Books

WHERE THE POOLS ARE BRIGHT AND DEEP

November 1973 JOHN HURD '21
Books
WHERE THE POOLS ARE BRIGHT AND DEEP
November 1973 JOHN HURD '21

By Dana S. Lamb '21. Illustrations byEldridge Hardie. New York: Winchester Press,1973. 145 pp. $8.95.

Among expert anglers Dana Lamb evokes admiration. They envy the way he casts a long straight line below the millrace of the Kennebago dam and his Hendrickson on the oil-smooth glides below Cooks Falls. With butt piece in and drag just right he taps his rod to cause a jump, for a sulking fish too long conserves its strength. He knows when to employ a Fanwing, Brown Bivisible. Royal Wulff, Badger Spider, Spent-Wing Coachman, or Pink Lady. Sly as foxes and wild as hawks, big brown trout are no match for a man who has brooded half a century of winter evenings over what flies and when.

Nature in a minor key. fascinates him: graybrown grape vines twining about old fence rails, whitethroats searching for hidden seeds and sober-Plumaged turtledoves making mournful music, solemn unseen owls lamenting as lugubriously as the doves, Wilson snipes feeding in tall marsh grass by springs, red-winged blackbirds riding the swaying cattails in swamps, a hundred geese on creek banks dreaming of eggs to cover and nests, and a thousand broadbills idling by sunlit waters gleaming like polished platinum.

A hunter gauging the distance and speed of flying birds, Dana Lamb would shoot skillfully and straight and miss cleanly rather than maim.

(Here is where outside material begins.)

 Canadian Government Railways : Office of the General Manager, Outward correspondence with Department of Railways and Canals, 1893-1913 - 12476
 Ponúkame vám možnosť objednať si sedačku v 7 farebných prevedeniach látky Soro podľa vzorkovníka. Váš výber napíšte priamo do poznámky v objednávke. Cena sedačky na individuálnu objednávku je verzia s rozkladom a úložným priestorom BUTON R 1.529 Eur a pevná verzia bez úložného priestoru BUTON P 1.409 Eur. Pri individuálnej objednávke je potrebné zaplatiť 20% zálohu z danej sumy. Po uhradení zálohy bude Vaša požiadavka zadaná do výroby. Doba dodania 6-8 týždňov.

He dwells on frosty mornings, hills crimson and gold, with time-tested friends in places where partridges feed. Steady, sound, and slow, his snow-white setter, no over-eager Brittany putting 'em up a hundred yards ahead, never ranges like a quail dog. An easy-handling twenty gauge fits his shoulder and arm, and he prays for strength enabling him to work swales and swamps. Submerged in Dana the Hunter is Dana the Poet, who prays for better eyes to see and better ears to hear: deer floating down hill in single file, fox on the prowl, sluicing of a distant waterfall, chorus of a flight of crows, and chatter of a squirrel. The echoes of a shot far off cheers him more than his own.

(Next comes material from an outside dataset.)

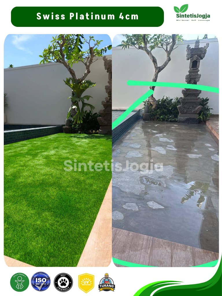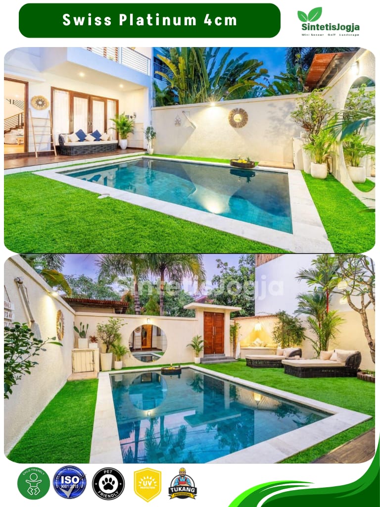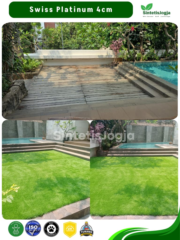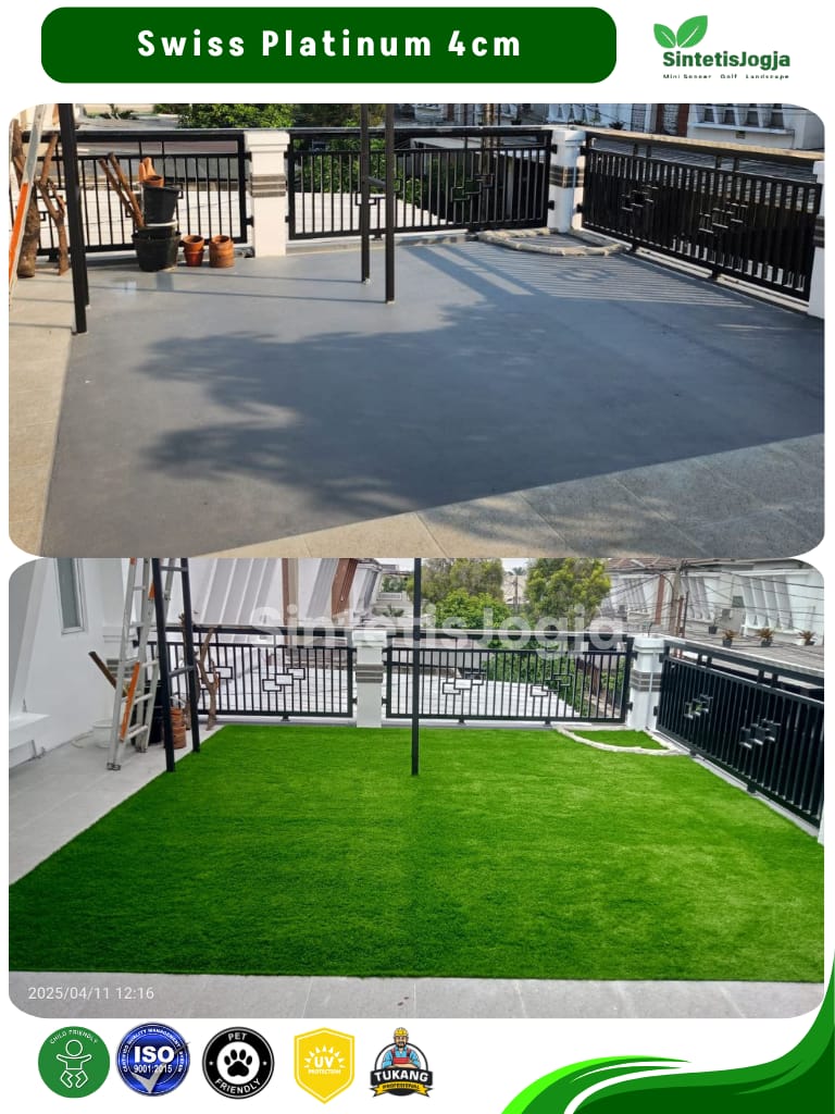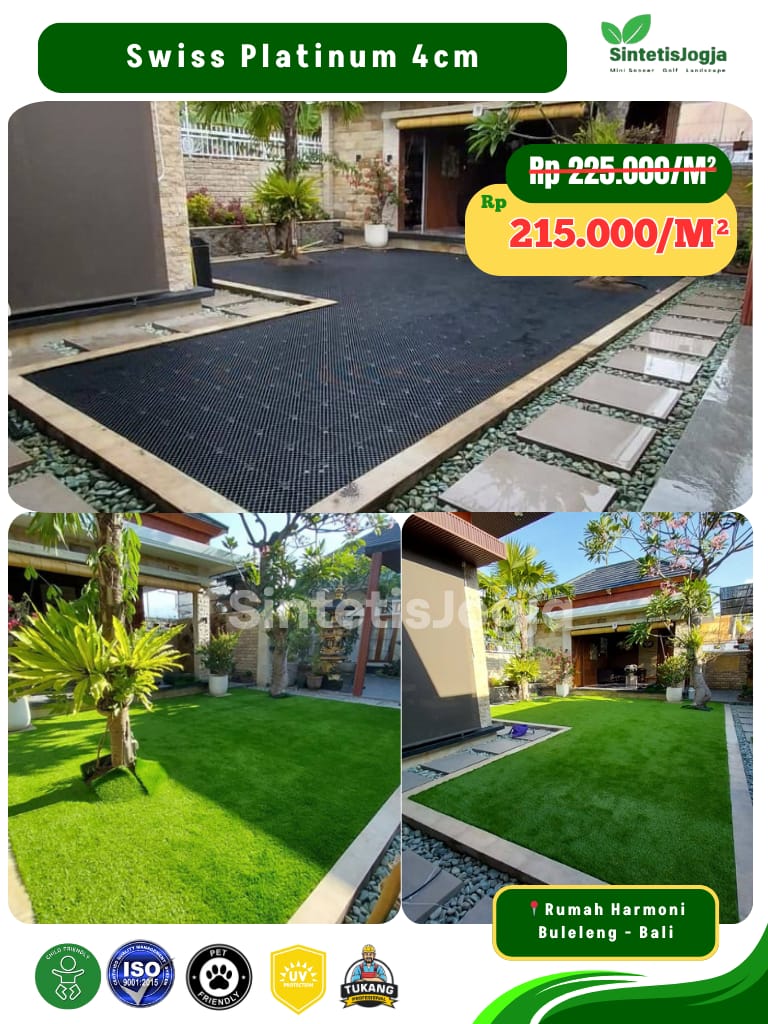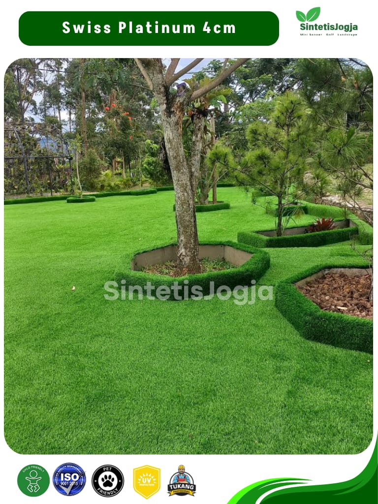 Swiss Platinum hadir sebagai kasta tertinggi dikelas rumput Swiss. Dengan sertifikasi 𝗜𝗦𝗢 produk ini menjamin keamanan penuh untuk anak-anak dan hewan peliharaan, serta daya tahan yang jauh lebih unggul untuk penggunaan jangka panjang.

Dana the Poet merges into Lyric Historian. He raises his tankard of New England rum and drinks deep to the clear waters of the undammed Connecticut 200 years ago when a man, too busy with cows and crops to salt his own salmon, might buy a year's supply, if the run were on, for just a cent a pound. His ears reverberate with the diatribes of Cotton Mather against the sin of catching fish for fun, but Mather thunderings are diminished to rumbles as the roar of fish-filled rapids on the Kennebec, Penobscot, and An - droscoggin drowns him out and renders sterile his puritanical voice box.

A bon viveur, Dana Lamb is not one to torture himself on burned bacon and cereal soggy with condensed milk. After a dry martini and well iced clams, he may savor sauteed soft shell crabs, little ones shipped up from Maryland, an artichoke with Hollandaise, watercress salad, a demi-tasse, and Brie. For variety he may switch to Lowenbrau, smoked eel, and shad roe from the Nissequoque. He unites the civilized with the primitive when, from his hunting-lodge window watching a bear, he sips Scotch and dines on lobster.

Deep even in the young Lamb and now deeper in the old, an urbane nostalgia pervades. Smilingly and lovingly he lingers with his memories and renounces the challenges of more spectacular hunting and fishing exploits. In nocturnal reveries, he contents himself with an older and happier world and with the simplicities of the present: a dog at his feet, friends knocking on his door, the tinkle of ice against crystal, and the glow from burning logs on ruddy faces of outdoorsmen full of laughter and tall stories about what they hooked in pools deep and bright.